College basketball data analyst Ken Pomeroy noticed another change: More games this season had much higher pregame win odds in their ratings. He says he believes the transfer portal has strengthened elite teams and widened the gap between the top and bottom of Division I.
“The best teams have higher ratings than ever,” Pomeroy told ESPN.
Betting markets reflect that wider gap. In the 2021-22 season, non-power conference teams were an average of 16.3 points underdogs against power conference opponents.
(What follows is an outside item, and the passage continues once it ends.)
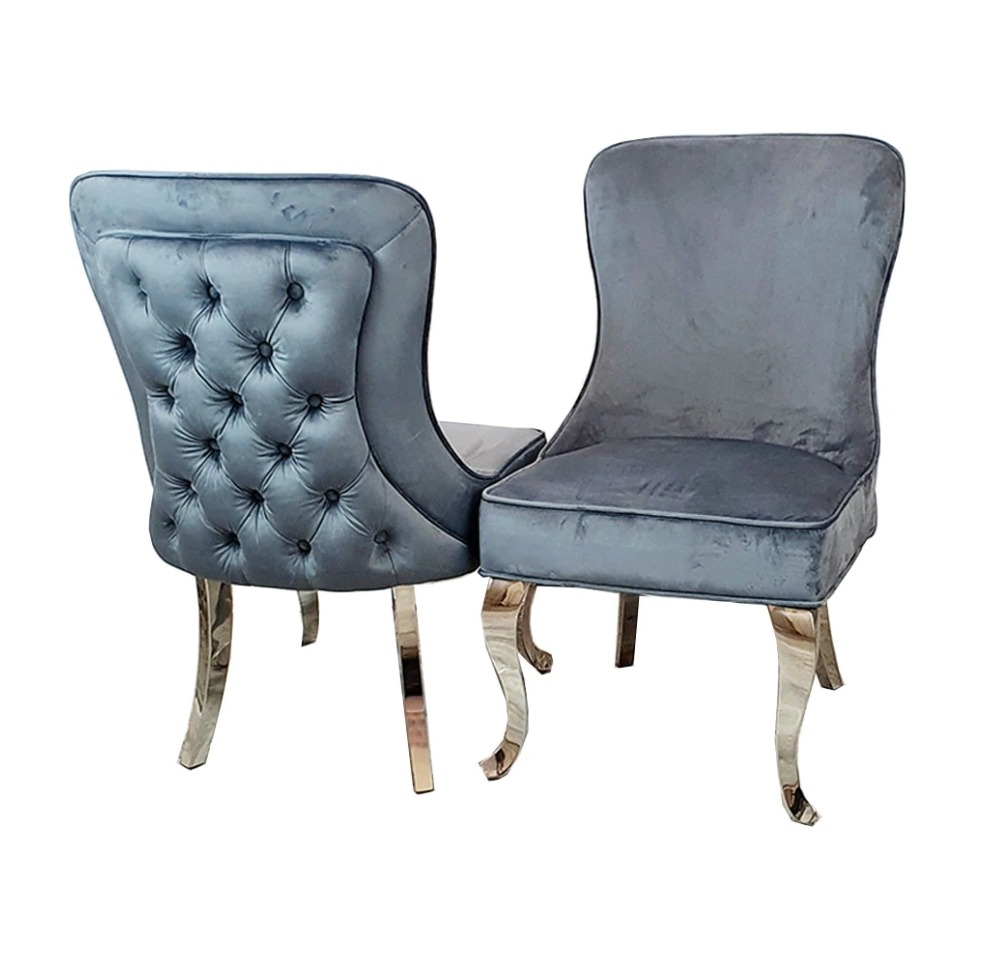 The Sandhurst Dining Chair range is the ideal choice for a large scale luxury style. This beautiful range features a deep buttoned back on a smooth velvet finish. Curved chrome legs complete this range. Available in Light Grey, Dark Grey and Pink.

This season, that number skyrocketed to 22.9 points.
The point differential in the NCAA Tournament has also increased, going from an average of 6.4 points in 2023 to 8.7 last season, a 10-year high. Higher spreads mean fewer expected surprises and higher margins of victory. This season, games were decided by an average of 15.1 points, a five-year high.
Pomeroy says he hopes the trend of fewer surprises continues, but he's not worried about the tournament losing its magic.
“Basketball at the top is better than ever,” he said. “People are going to miss the Cinderella races, and I don't think they're going to go away completely, but it's single-elimination basketball. It's incredible theater.”